Despite Israel’s repression and Barack Obama’s promise to veto any attempt by the UN general assembly to recognise a Palestinian sovereign state, the balance of forces in favour of the Palestinians could radically change. The basis for this is the 2011 Arab revolutions, the unity deal between Fatah and Hamas and the call for a third intifada by the grassroots group Gaza Youth Breaks Out.

The first two groups represent the established factions in the Palestinian leadership, while GYBO is a secular youth organisation established in the last year to mobilise independently of Hamas and Fatah. During the February Revolution in Egypt both Hamas and Fatah crushed demonstrations in its support in Gaza and the West Bank. However, the size of the Nakba mobilisation organised by GYBO reveals the true extent of social pressure for change.

The bitter power struggle between Hamas and Fatah has weakened the Palestinian resistance. The unity treaty – whatever its framers intend – opens a prospect of a re-united Palestinian struggle, backed by the active mass support from a revitalised Arab world. Fatah and Mahmoud Abbas’ disgraceful crawling to the US and Israel produced not shred of a concession from the latter. The illegal settlements continued to “make facts” on the ground, destroying step by step the hopes of a viable Palestinian state.
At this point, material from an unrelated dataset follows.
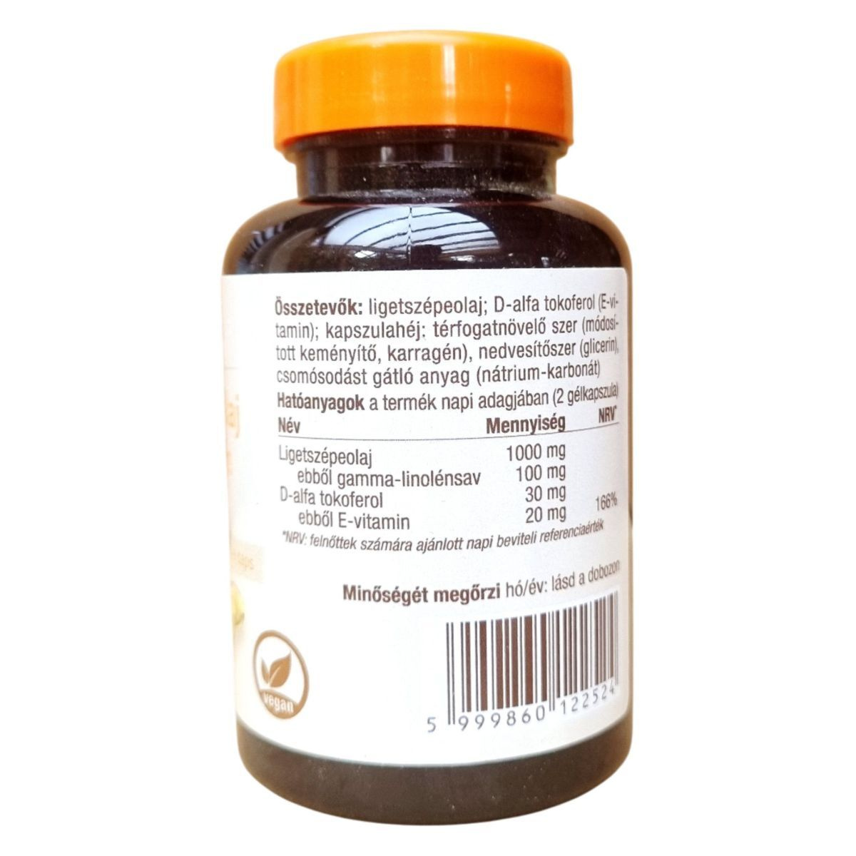 Ligetszépeolaj, D-alfa tokoferol (E-vitamin), kapszulahéj: térfogatnövelő szer (módosított keményítő, karragén), nedvesítőszer (glicerin), csomósodást gátló anyag (nátrium-karbonát).

Although Hamas has, in contrast to Fatah, continued to resist since 2006, its strategy of firing rockets and infiltrating guerrilla fighters into Israeli territory offers no way forward. The Israeli genocidal attack on Gaza in 2008, which destroyed 3,000 homes and killed 1,500 people, underlined the inadequacy of such resistance however morally justified it is.

It reduces the 1.5 million Gazans to the level of victims and prevents the kind of mass mobilisations which brought victory in the Tunisian and Egyptian revolutions.

In fact what is needed is indeed a third intifada as an integral part of the Arab democratic revolutions. This could begin – as in Egypt – with mass peaceful protests against the occupiers in the West Bank, Gaza, on the borders in Lebanon, Syria, Jordan and Egypt and in Israel itself. This should be backed up by demonstrations in support of Palestinian self-determination in all Arab and Muslim countries and in Europe and North America This way Israel can be made to pay for its brutality.

This means linking up with and encouraging the peace movement in Israel. Both Palestinians and their supporters should abandon the reactionary and utopian goal of a two state solution – which effectively means abandoning the refugees right to return, gives the Zionist the choice land and natural resources, and leaves the region with a nuclear armed US gendarme and a disarmed Palestinian open air prison.
The movement’s aim must be to promote international working class action – general strikes, workers boycotts of Israel, cutting the supply lines to the racist settler state and the creation of a bi-national secular Palestine with equal rights for all its citizens – both Hebrew and Arabic speakers.

Socialists must also fight to make such a state one where the working class takes power, for only social ownership of the land, factories and infrastructure can ensure a common development shared by both communities.